[What is expected] Extract the lines beginning at the one that holds "Light Bluish Gray, Dinosaur" and ending at the final line of the material below, keeping them exact and leaving out all pictures.

[Provided material]

· · · · · · ·

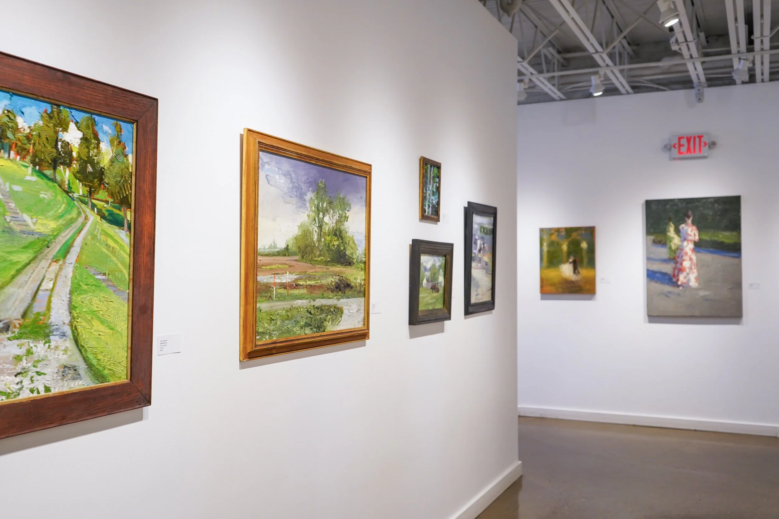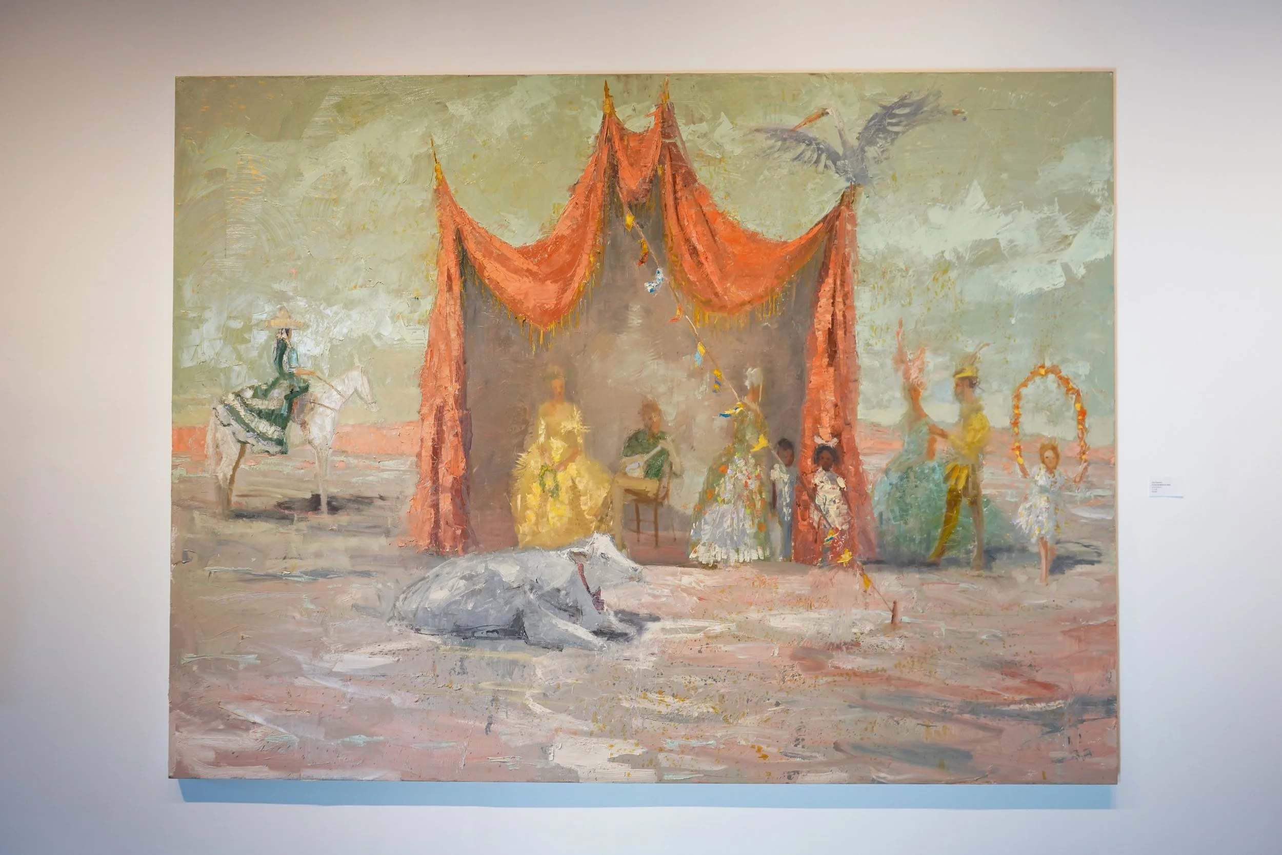 Ragsdale's process mirrors the unpredictability of the canopy itself. He begins each painting without predetermined plans, working quickly to classical music, “Fantasia on a Theme by Thomas Tallis” became the soundtrack for this body of work. "I build from listening to the work," he explains, "not telling it what to be." He paints fast, then destroys sections with trowels before rebuilding with palette knives; a build-and-edit sequence refined through a Tad Retz workshop on tone and light. The destruction is essential, he insists - without it, the paintings become too stiff, too controlled. The heavy impasto that results captures fabric billowing in wind, water catching afternoon light, figures half-emerged from shadow - layers of paint holding the history of their own creation.
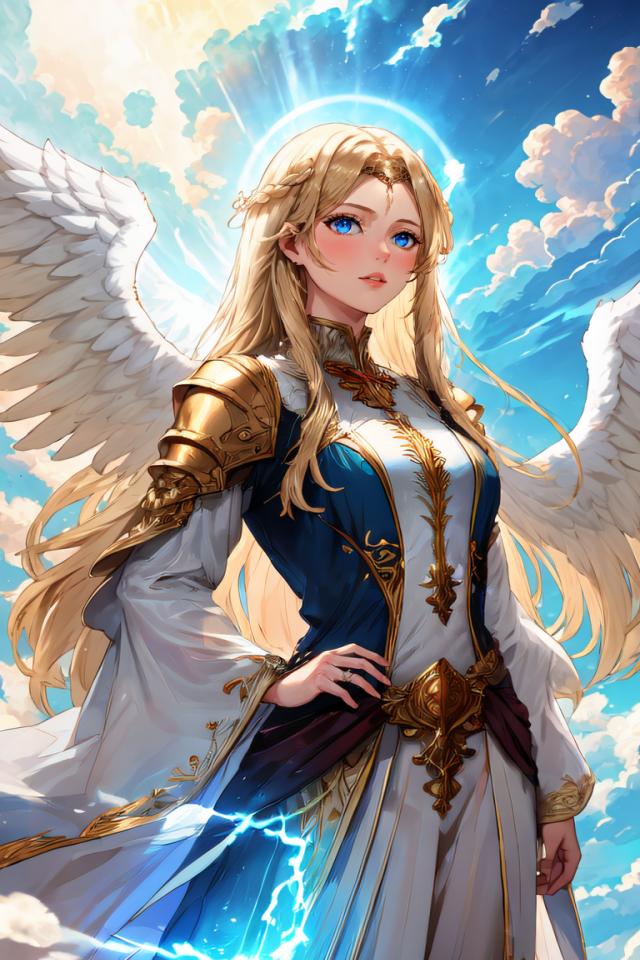 | Prompt | <lora:angel_wings_v10:0.7> angel_wings, angel, intricate, complicated ornate armored golden white lace dress, jewelry, embroidery,white golden silk, 1girl,heroic pose,proud, confident, ((deep intensive benevolent glance)), very long blonde hair,blue eyes,cute, sky background, clouds, ((light aura,godly)), bREAK (romantic fantasy:1.4), <lora:lora_perfecteyes_v1_from_v1_160:0.3> perfecteyes eyes |
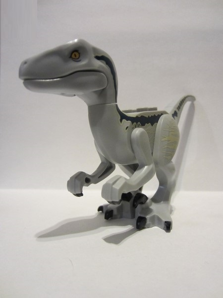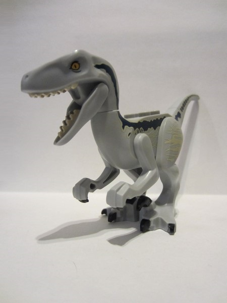 Light Bluish Gray, Dinosaur Raptor / Velociraptor with Dark Blue and Tan Markings (Jurassic World Blue)
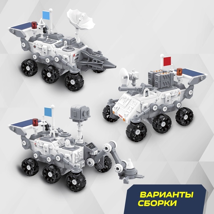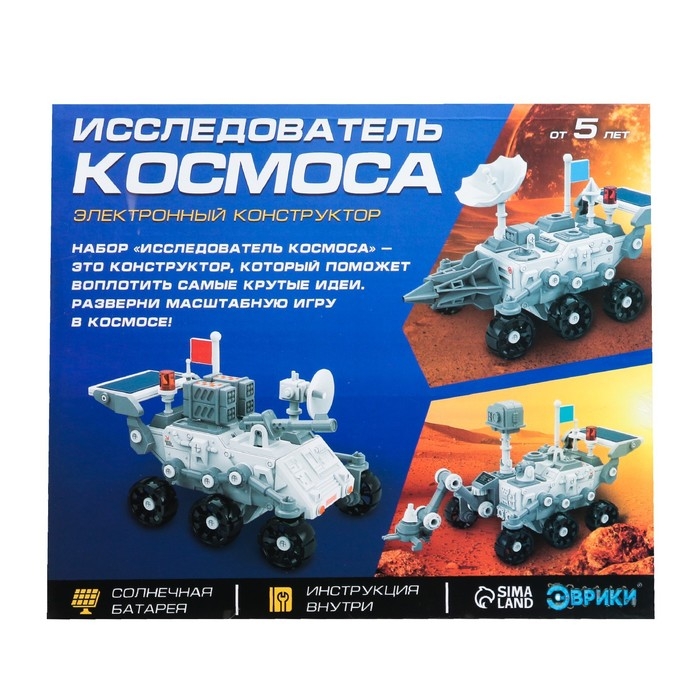 С электронным конструктором юный космонавт соберёт одну их трёх машин и станет исследователем межгалактических пространств! Собранная модель работает от солнечной батареи. Ребёнок сможет играть на свежем воздухе и дома. Для игры на улицы подойдёт солнечная ясная погода, а чтобы играть дома, используйте искусственный источник освещения.

· · · · · · ·

[Reply]
 Light Bluish Gray, Dinosaur Raptor / Velociraptor with Dark Blue and Tan Markings (Jurassic World Blue)
 С электронным конструктором юный космонавт соберёт одну их трёх машин и станет исследователем межгалактических пространств! Собранная модель работает от солнечной батареи. Ребёнок сможет играть на свежем воздухе и дома. Для игры на улицы подойдёт солнечная ясная погода, а чтобы играть дома, используйте искусственный источник освещения.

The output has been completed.